只聽得“啊”的一聲慘叫,何太沖背脊中索,從圈子中直摔出來,眼見是活不成了。班淑嫻又驚又悲,一個疏神,三索齊下,只打得她腦漿迸裂,四肢齊折,不成人形。跟著一根黑索一抖,將班淑嫻的屍身從圈子中拋出。

周芷若伏在草叢裏,直瞧得是膽戰心驚,此時卻見圓真邊鬥邊走,退上了峰來,嘴裏叫道:“兀那兩個賊子,有種的便到這裏領死。”二人離松樹尚有數丈,兩根長索從腦後無聲無息的圈到,各自繞住了一人的腰間,雙索齊抖,將二人從百餘丈高的山峰上拋了下去。

周芷若眼見三僧在片刻間連斃昆侖派四位高手,舉重若輕,游刃有餘,武功之高,實是生平罕見,到了神而明之的境界。張無忌亦心中怦怦亂跳,伏在草叢中一動也不敢動。

只聽圓真恭恭敬敬的道:“三位太師叔神功蓋世,圓真奉方丈師叔之命,謹來向三位師叔請安,並有幾句話要對那囚徒言講。”

一個枯槁的聲音道:“空見師侄德高藝深,我三人最為眷愛,原期他發揚少林一派武學,不幸命喪此奸人之手。這奸人既是死有餘辜,一刀殺了便是,何必諸多羅嗦,擾我三人清修?”

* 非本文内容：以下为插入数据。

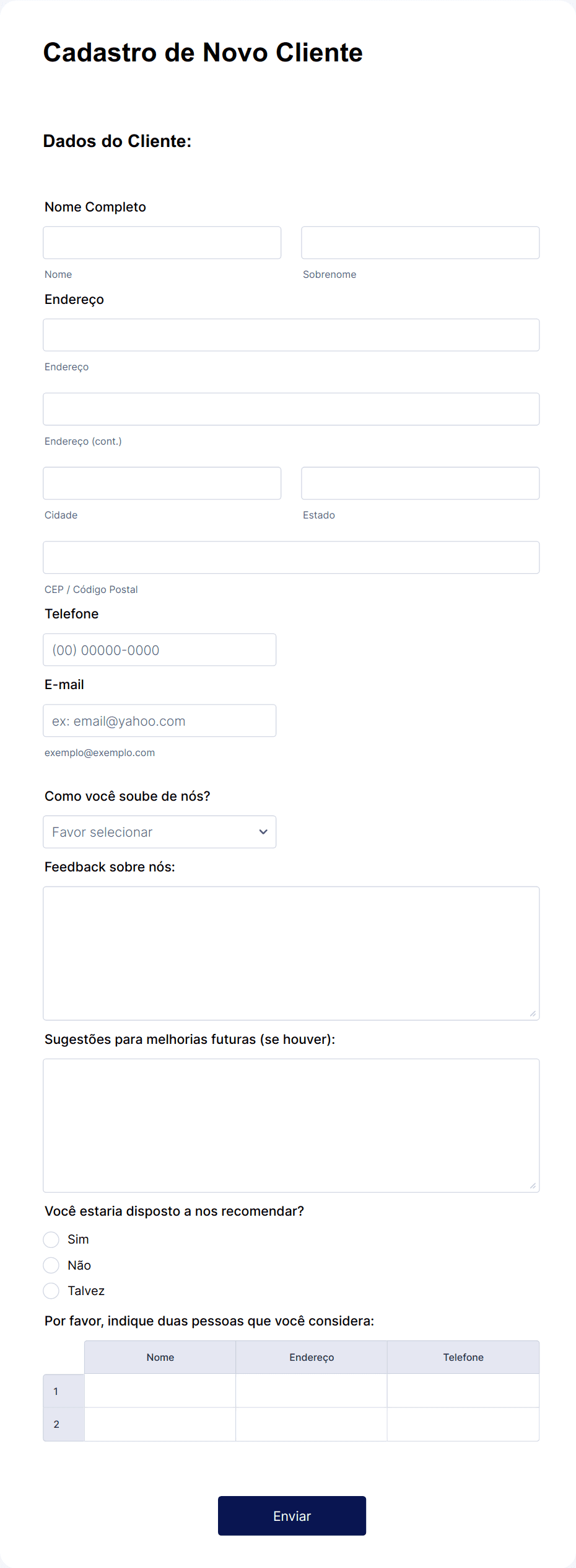 Os formulários para e-commerce automatizam o processo de vendas, reduzem erros manuais e proporcionam uma experiência fluida para os clientes, tornando mais fácil gerenciar pedidos e pagamentos.

圓真躬身道:“太師叔吩咐得是。但方丈師叔言道,我恩師何等功夫,豈是這奸人所能加害?將他囚在此間,是為引得他同黨來救,好逐一除去。再要他交出屠龍寶刀,以免該刀落入別派手中,折了本派千百年威望。”

張無忌聽到這裏,不由暗暗切齒,周芷若亦想:這圓真詭計多端,一番花言巧語,便假這三位高僧之手,屠戮武林中人。只聽一名老僧哼了一聲,道:“你跟他講罷。”

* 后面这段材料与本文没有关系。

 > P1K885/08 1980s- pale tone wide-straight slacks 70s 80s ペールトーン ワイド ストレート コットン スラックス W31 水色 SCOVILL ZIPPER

此時大雨兀自未止,雷聲隆隆不絕。圓真走到三株松樹之間,跪在地下,對著地面道:“謝遜,只須你說出屠龍刀的所在,我立時便放你離開。”張無忌大為奇怪,想:怎地他對著地面說話,難道此處有一地牢,我義父囚在其中?忽聽得一個聲音清越的老僧怒道:“圓真,出家人不打誑語,你何以騙他?他若說出藏刀的所在,難道你當真便放了他麽?武林中人信義為先、言出如箭,縱對大奸大惡,少林弟子也不能失信於人。”

圓真道:“謹奉太師叔教誨。”周芷若想:這三僧不但武功卓絕,且是有德的高僧,只是墮入了圓真的奸計。只聽圓真又喝道:“謝遜,我太師叔他老人家是何等的守信,但我奉方丈法旨,前來詢問屠龍刀的下落,你說是不說?”

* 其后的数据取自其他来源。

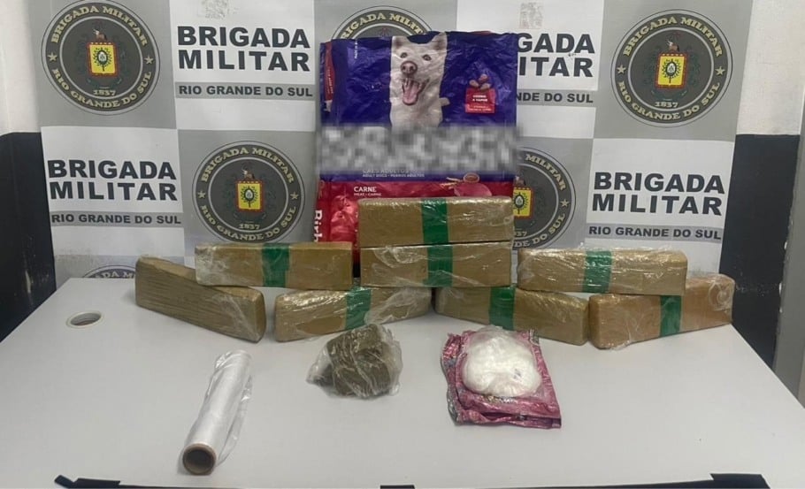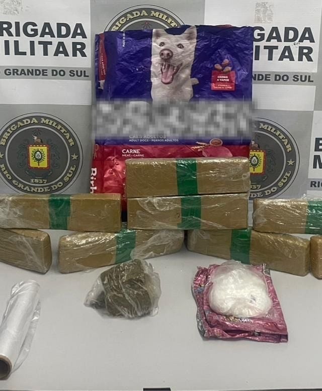 Com os indivíduos, os policiais encontraram aproximadamente 9kg de drogas, incluindo tijolos de maconha, porções de cocaína e outras substâncias.

忽聽地底下傳來一個聲音道:“奸賊!你還有臉來跟我說話麽?”張無忌聽到這聲音雄渾蒼涼,正是義父的口音,登時心中大震,恨不得立時撲上前去,擊斃成昆,將謝遜救出。周芷若伸手將他一攔,搖了搖頭。張無忌這才恍悟,只要自己一現身,三僧的黑索招呼過來,即使成昆不出手,自己也非三僧聯手之敵。

圓真反覆說了半天,謝遜總是那一句話,直氣得他冷冷道:“謝遜,我且容你多想三日。三日之後,若再不說出屠龍刀的所在,你就等著好瞧了!”說著站起身來,向三僧禮拜,走下山去。

張無忌待他走遠,正欲長身向三僧訴說,突覺身周氣流略有異狀,這一下襲擊事先竟無半點征兆,一驚之下,將周芷若猛地一推,自己忙著地滾開。周芷若也察覺到這下襲擊,自也無需他相助,當下倒在草叢裏,擡眸卻見兩條黑索直沖她攻來。她身子一側,躲開了去,只覺兩條長物從臉上橫掠而過,相距不逾半尺,去勢奇急。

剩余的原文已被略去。